In our dataset, compared to PPARG-negative cases, PPARG-positive cases were more likely to be diagnosed in 1995 or after. This might have been due to poor antigenicity of PPARG in older specimens. However, when we examined the strata of “year of diagnosis” and a potential interaction between PPARG and “year of diagnosis”, “year of diagnosis” did not significantly alter the relation between PPARG and patient survival (p for interaction = 0.80; see ). This suggests that misdiagnosis due to poor antigenicity, if any, did not substantially alter survival analysis results. Moreover, in our multivariate Cox regression analysis, we adjusted hazard ratio (HR) for clinical and tumoral characteristics, including year of diagnosis. Thus, any potential confounding effect of year of diagnosis on patient survival was controlled in our multivariate analysis model.

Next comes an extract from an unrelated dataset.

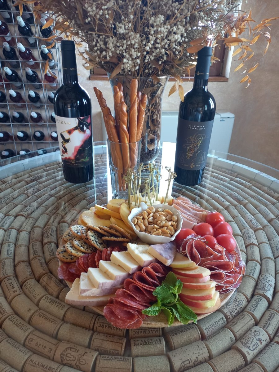 Vizită cramă, degustare 5 vinuri gamele MaxiMarc și Castel Sofia și platou brânzeturi maturate și specialității carne
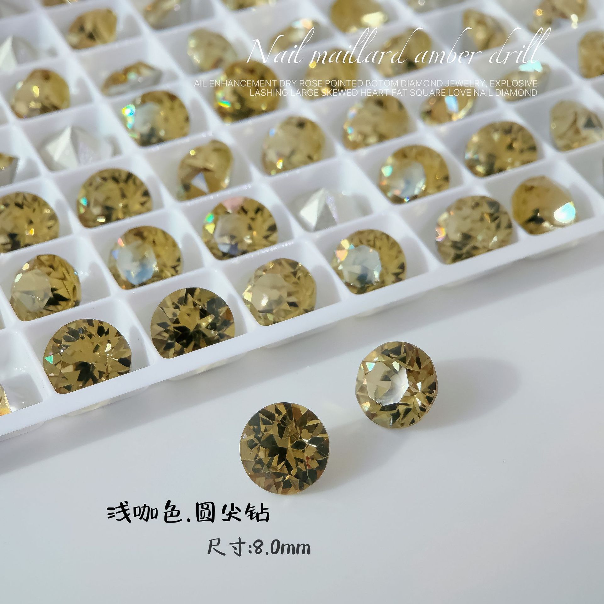 • 고품질 라이트 스모크 옐로우 포인트 바텀 다이아몬드 [8.0mm 라운드 포인트 다이아몬드]

In our cohorts, data on cancer treatment were limited. Nonetheless, it is unlikely that chemotherapy use differed according to tumoral PPARG status, since such data were not available to patients or treating physicians. In addition, beyond cause of mortality, data on cancer recurrences were not available in these cohorts. Nonetheless, given the median survival for metastatic colon cancer was approximately 10 to 12 months during much of the time period of this study,50
colon cancer-specific survival should be a reasonable surrogate for cancer-specific outcomes.
In summary, our large cohort study suggests that PPARG expression is independently associated with good prognosis in colorectal cancer. Our findings may have considerable clinical implications, given that PPARG has been used as a drug target. Future studies are needed to confirm this association as well as to elucidate exact mechanisms by which PPARG affects tumor behavior.